Charting can get you in touch with the rhythms and cycles of your incredible body. It can dispel myths about when you can or cannot get pregnant. And it can help you make fertility plans with your partner. Not to mention that it can also help you switch from hormonal birth control to a birth control more in sync with your body. Or it can pinpoint ovulation, and help you get pregnant if you’re trying!

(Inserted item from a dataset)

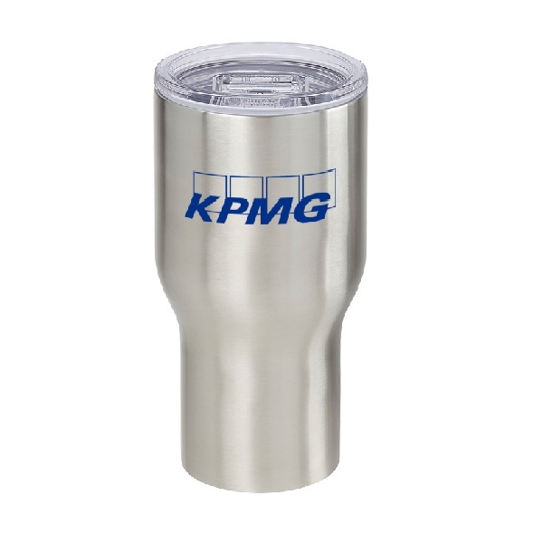 30 oz Arctix™ Vacuum Tumbler Keeps Ice for over 48 hours Made with FDA compliant dual walled 18-8 Stainless Steel Copper lined, vacuum insulated deep draw liner will maintain optimal drinking temperature’s BPA Free Includes a sweat-free design and see-through screw-on lid. Imprinted with KPMG logo. Product Size: 8 1/4"h x 3 7/8"w x 3 7/8"d Packaging: Drawstring Pouch NOTE: Hand Wash Only.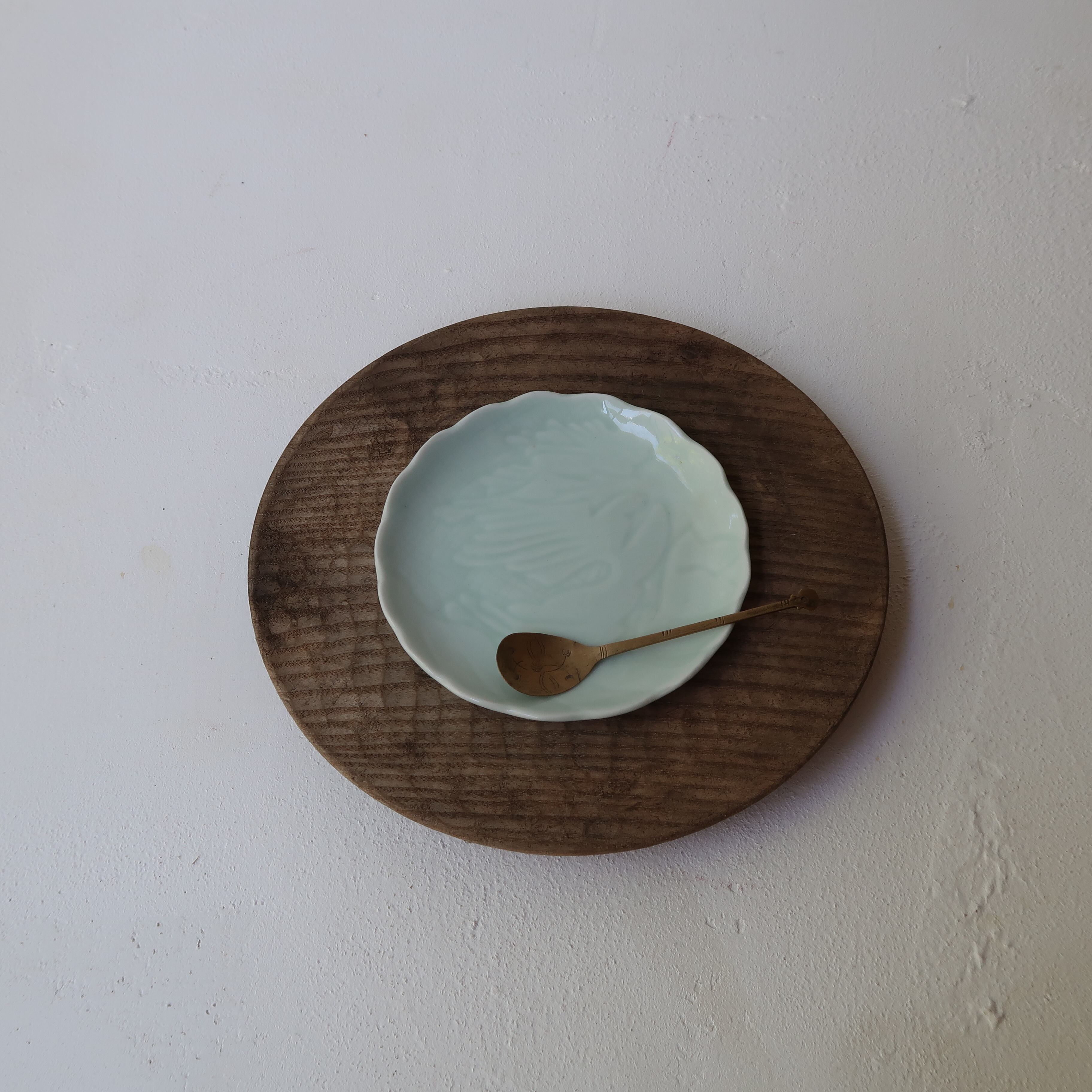 こんがり焼いたパンをのせたり、お皿と重ねて使ったり、真鍮のアクセサリーを飾ったり。工夫しがいのあるプレートです。

This process can also show us when we’re ovulating later in the month, due to stress or travel, and it can highlight the impact that it has on our health and bodies. In some cases, it helped women discover their own hypothryrodism by noting consistently low body temperatures. Contact your doctor if you have any questions.

Helpful Books

  • Nofziger, Margaret. A Cooperative Method of Natural Birth Control. Summertown,        TN: Book Pub., 1992. Print.
  • Singer, Katie. The Garden of Fertility: A Guide to Charting Your Fertility Signals to          Prevent or Achieve Pregnancy–naturally–and to Gauge Your Reproductive   Health. New York: Avery, 2003. Print.
  • Singer, Katie. Honoring Our Cycles: A Natural Family Planning Workbook. Winona        Lake, IN: New Trends, 2006. Print.
  • The Boston Women’s Health Collective. Our Bodies, Ourselves. New York: Simon &       Schuster, 2011. Print.
  • Weschler, Toni. Taking Charge of Your Fertility: The Definitive Guide to Natural Birth    Control, Pregnancy Achievement, and Reproductive Health. New York, NY:        Collins, 2006. Print.

Many blessings on your journey to body awareness!